_Exercise objective_
From the data below, copy exactly the lines that lie between the one holding "Plated, approx 18-24mm" and the one holding "ボタンレスのため、さっと羽織れる気軽さが魅力的です。", including both, and nothing more.

_Data section_
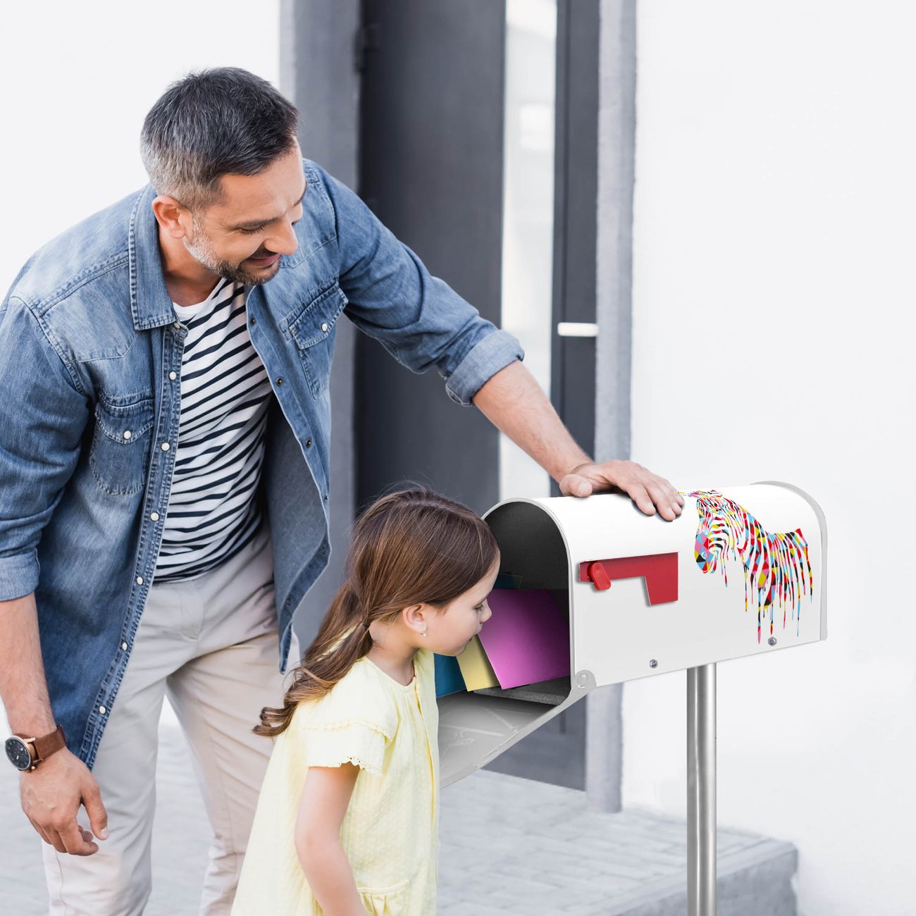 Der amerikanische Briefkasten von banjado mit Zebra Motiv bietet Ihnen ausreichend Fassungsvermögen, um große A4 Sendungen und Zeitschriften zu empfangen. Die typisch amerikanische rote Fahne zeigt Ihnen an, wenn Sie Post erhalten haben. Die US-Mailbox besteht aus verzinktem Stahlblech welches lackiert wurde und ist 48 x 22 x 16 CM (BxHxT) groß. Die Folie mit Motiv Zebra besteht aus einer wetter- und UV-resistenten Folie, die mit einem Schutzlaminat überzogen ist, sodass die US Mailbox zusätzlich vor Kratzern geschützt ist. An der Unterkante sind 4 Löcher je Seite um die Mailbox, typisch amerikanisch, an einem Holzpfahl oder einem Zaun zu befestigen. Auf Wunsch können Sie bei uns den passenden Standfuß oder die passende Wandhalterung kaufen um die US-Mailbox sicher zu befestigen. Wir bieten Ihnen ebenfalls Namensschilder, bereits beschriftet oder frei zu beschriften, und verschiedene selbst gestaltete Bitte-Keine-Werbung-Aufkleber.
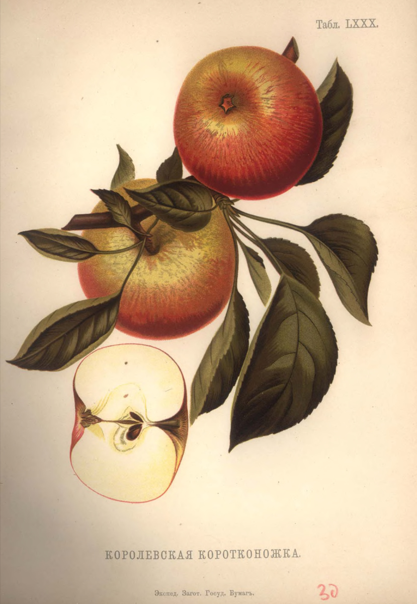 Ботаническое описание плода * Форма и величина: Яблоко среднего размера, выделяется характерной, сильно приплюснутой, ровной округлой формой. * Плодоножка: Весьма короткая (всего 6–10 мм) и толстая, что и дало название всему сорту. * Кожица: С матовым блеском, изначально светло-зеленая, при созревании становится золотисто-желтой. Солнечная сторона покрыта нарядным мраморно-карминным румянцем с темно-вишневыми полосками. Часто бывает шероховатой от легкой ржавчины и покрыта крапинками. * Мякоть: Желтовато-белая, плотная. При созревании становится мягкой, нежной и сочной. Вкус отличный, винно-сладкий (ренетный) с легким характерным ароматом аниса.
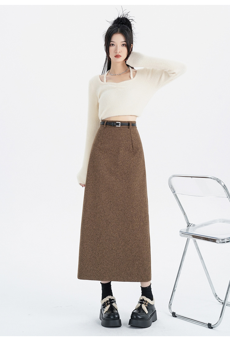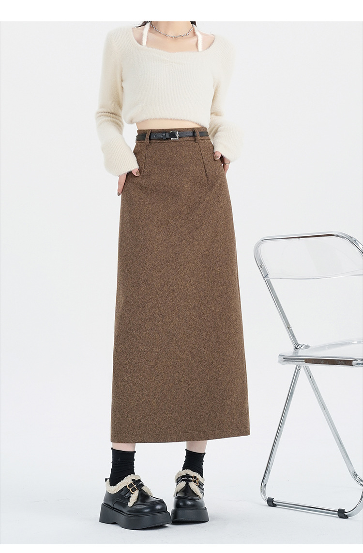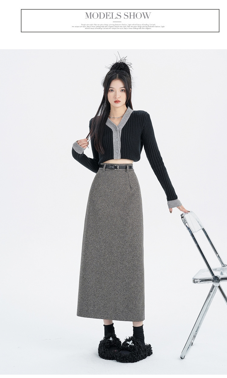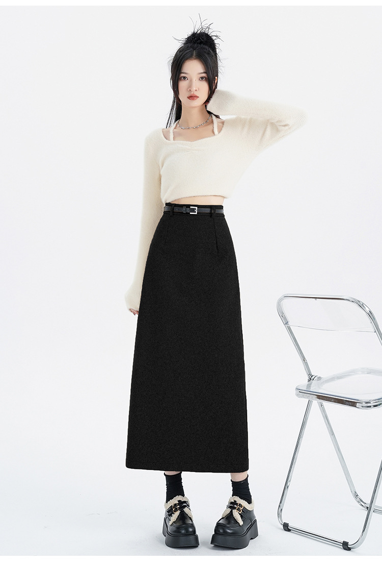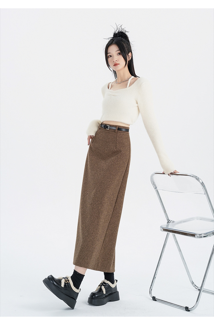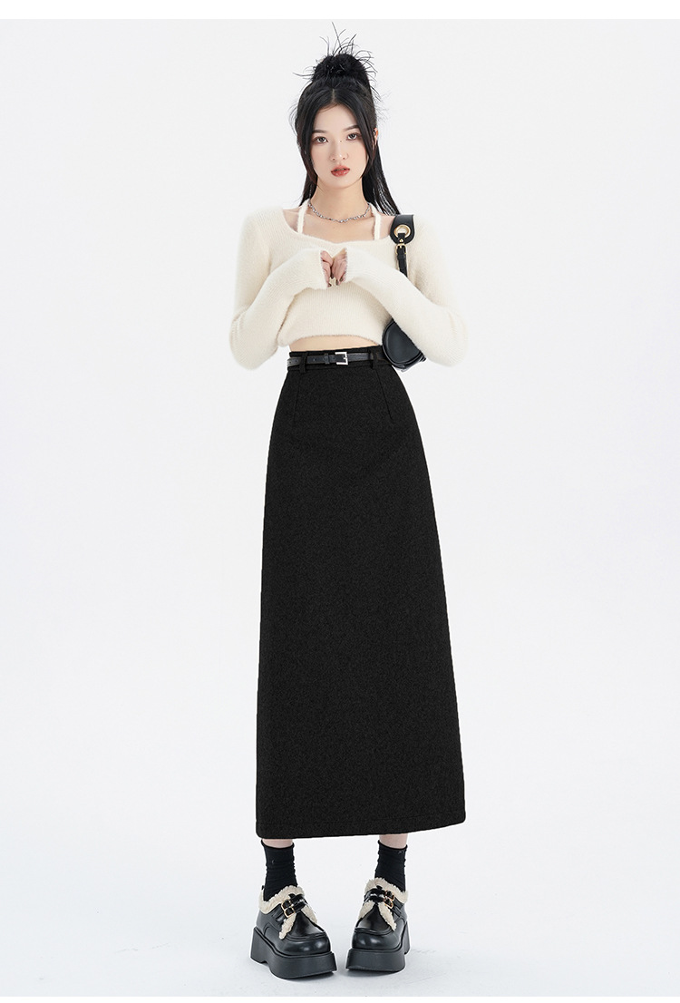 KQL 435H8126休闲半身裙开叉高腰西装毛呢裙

---

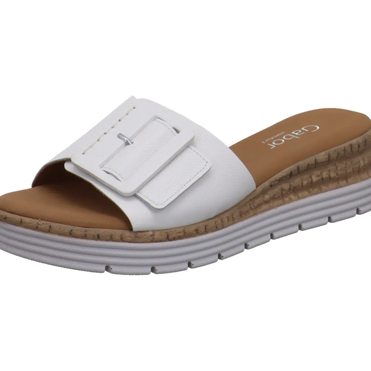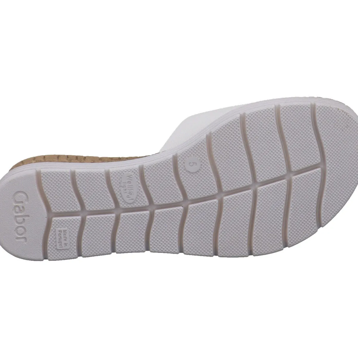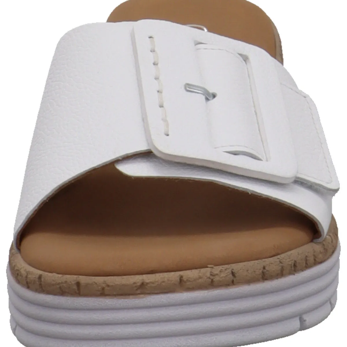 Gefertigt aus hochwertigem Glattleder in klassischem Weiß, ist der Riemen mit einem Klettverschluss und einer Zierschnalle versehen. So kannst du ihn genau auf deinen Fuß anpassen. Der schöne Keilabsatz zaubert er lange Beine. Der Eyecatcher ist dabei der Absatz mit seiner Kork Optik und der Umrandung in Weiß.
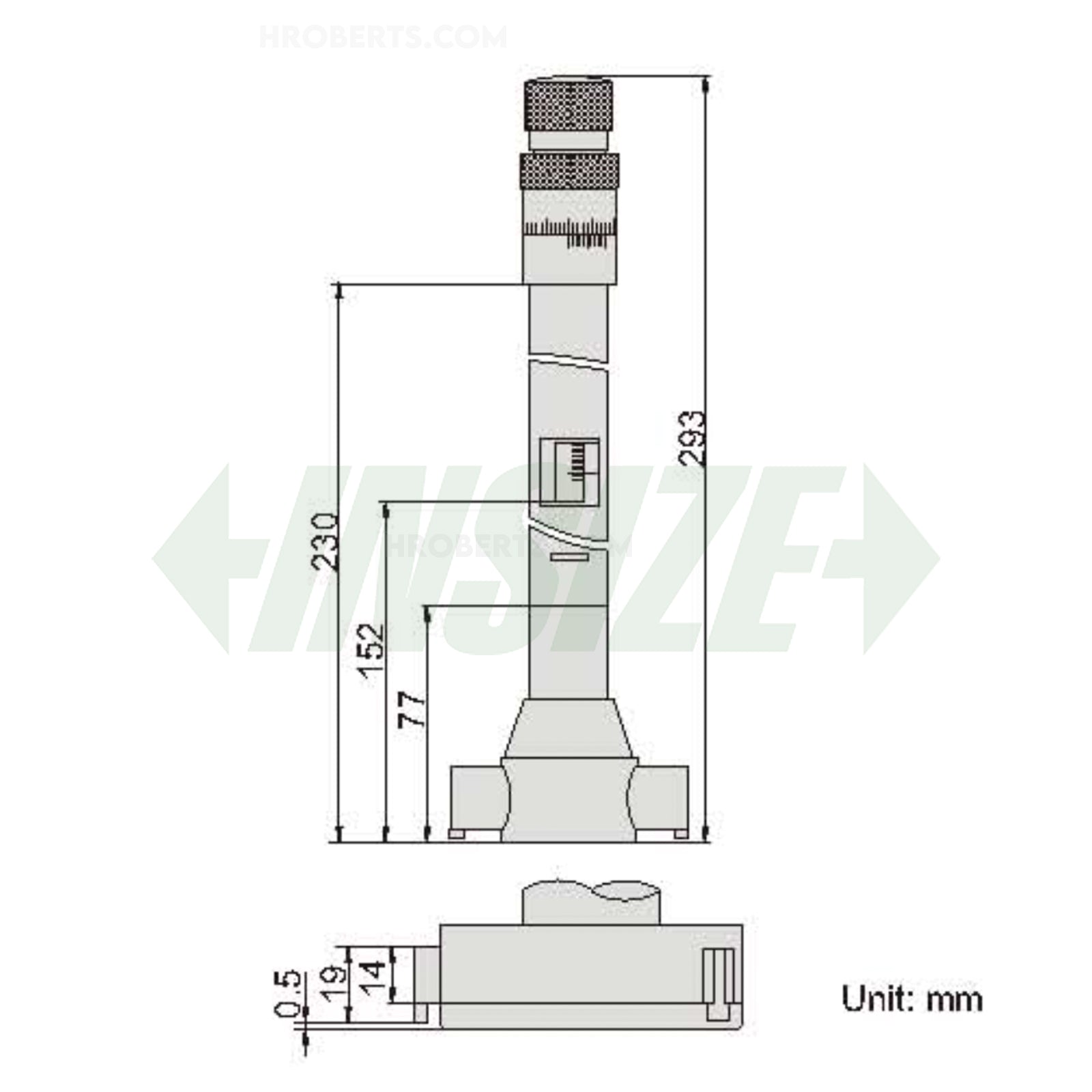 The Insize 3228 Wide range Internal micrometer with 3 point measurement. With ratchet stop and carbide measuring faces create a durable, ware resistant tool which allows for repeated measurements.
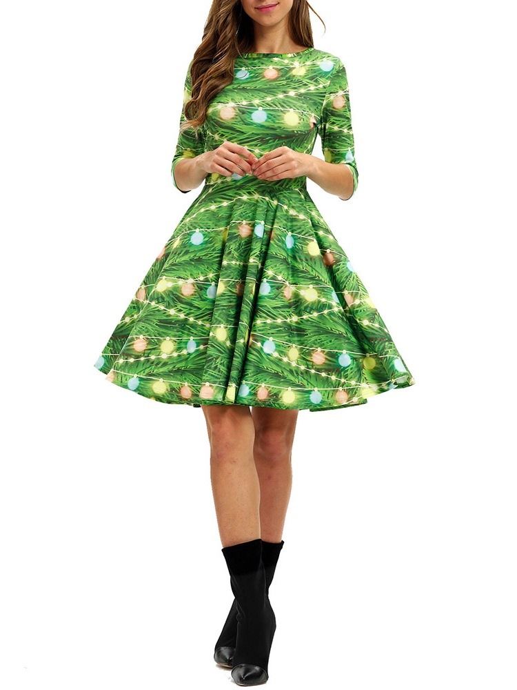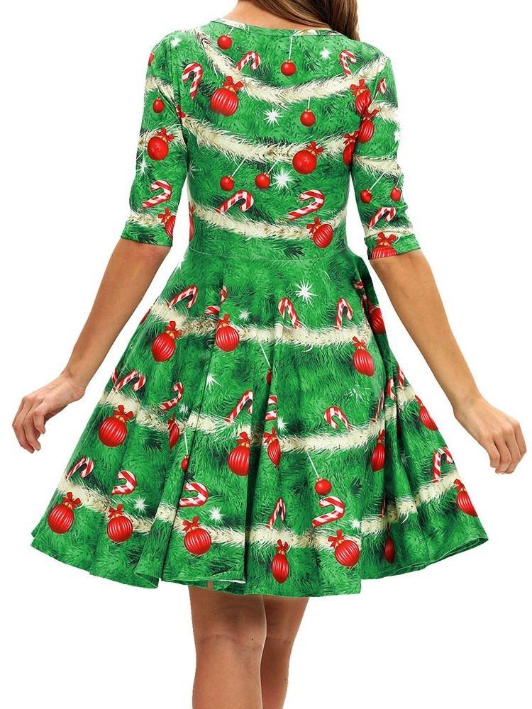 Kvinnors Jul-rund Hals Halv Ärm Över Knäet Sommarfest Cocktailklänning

--

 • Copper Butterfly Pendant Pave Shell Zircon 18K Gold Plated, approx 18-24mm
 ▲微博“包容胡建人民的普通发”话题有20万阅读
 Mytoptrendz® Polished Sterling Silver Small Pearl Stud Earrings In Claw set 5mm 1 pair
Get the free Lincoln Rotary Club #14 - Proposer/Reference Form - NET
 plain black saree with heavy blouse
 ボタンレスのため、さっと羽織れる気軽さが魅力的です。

_Expected answer_
 • Copper Butterfly Pendant Pave Shell Zircon 18K Gold Plated, approx 18-24mm
 ▲微博“包容胡建人民的普通发”话题有20万阅读
 Mytoptrendz® Polished Sterling Silver Small Pearl Stud Earrings In Claw set 5mm 1 pair
Get the free Lincoln Rotary Club #14 - Proposer/Reference Form - NET
 plain black saree with heavy blouse
 ボタンレスのため、さっと羽織れる気軽さが魅力的です。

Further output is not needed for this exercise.